Structure change supporting faster Backup / Repair #55

matthewvon opened this Issue Oct 19, 2012 · 2 comments


None yet
1 participant

matthewvon commented Oct 19, 2012

backup / repair: move from a flat directory structure to a directory by level. Allows external backup (if performed in level order, rsync default) and creates implied manifest for repair.


matthewvon commented Oct 19, 2012

Design points:

  • Move .sst files into directories by "levels". The directory hierarchy would then emulate the manifest information.
  • Update the repair process to validate one directory / one level of .sst files at a time. Move any pair of files with overlapping key ranges to level 0 like today or initiate a same level merge. For all the non-overlapping files simply record the .sst file in a new manifest at the level implied by directory. Only .sst files that were in the middle of a compaction will need to move to Level 0 for reexamination (or initiate same level merge).
  • For first release, ignore issues relating to incomplete / in-flight recovery logs. This is not any different than today's repair. Just pointing this out since it is highly likely the backup process will not get complete images (but the recovery logs would likely not be complete in a system crash either).


The above design would allow customers to backup files through simple rsync or a more complex backup program such as Retrospect. It will not matter if the manifest files on disk properly represent the .sst files. Any files that are "in-flight" will readily be identified by the level by level validation. Today's .sst "move" operation might be slightly more complex, requiring a hard link so the .sst exists temporarily in two directories (or maybe not). But overall this is a really easy change.

The restore operation will be simple: copy the directory structure back into place and execute repair. Repair will be speedy compared to today. This could also help build new data sets at remote locations before starting replication. Physical drives can be literal shipped to speed the new site's initial data load.
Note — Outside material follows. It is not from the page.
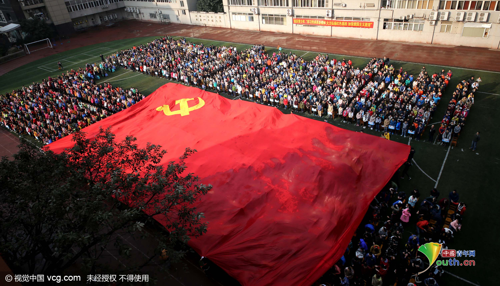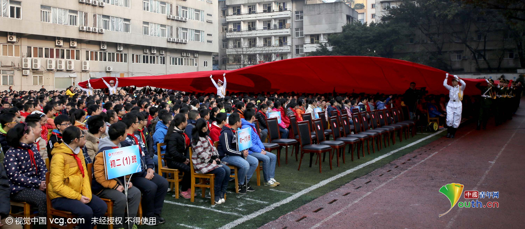 2016年02月24日,重慶市新區(qū),渝高中學(xué),開(kāi)學(xué)典禮上同學(xué)們傳遞一面90米寬的巨大黨旗。開(kāi)學(xué)第一課由聶榮臻元帥陳列館報(bào)告團(tuán)成員為同學(xué)們宣講老一輩無(wú)產(chǎn)階級(jí)革命家的豐功偉績(jī)。視覺(jué)中國(guó)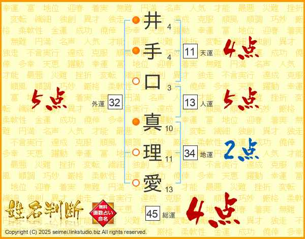 井(4画)手(4画)口(3画) 真(10画)理(11画)愛(13画)

I do believe we can survive without requiring a "stable" file system, i.e. Riak can be live during the backup. The worst case scenario is that someone is in the middle of rsync for level 6 and additional .sst files move/compact from 5 to 6. This has the potential to have files that moved from 5 being gone by the time rsync starts on 5 plus never seen on level 6. Data Loss! But manual scripting of rsync to get lower levels first would instead duplicate the data, which is ok, instead of losing it. The requirement of repair after file restore takes care of the duplication.

In Linux, LVM can externally freeze a file system view for a backup. Whatever .sst files are in transition at the time of the freeze will still cleanup during restore / repair cycle. I am guessing zfs has a similar feature. This external capabilities would eliminate manual sequencing with rsync and scp (as I proposed in the previous paragraph).

Similarly, big systems like Retropect can be configured to snapshot images in a defined sequence.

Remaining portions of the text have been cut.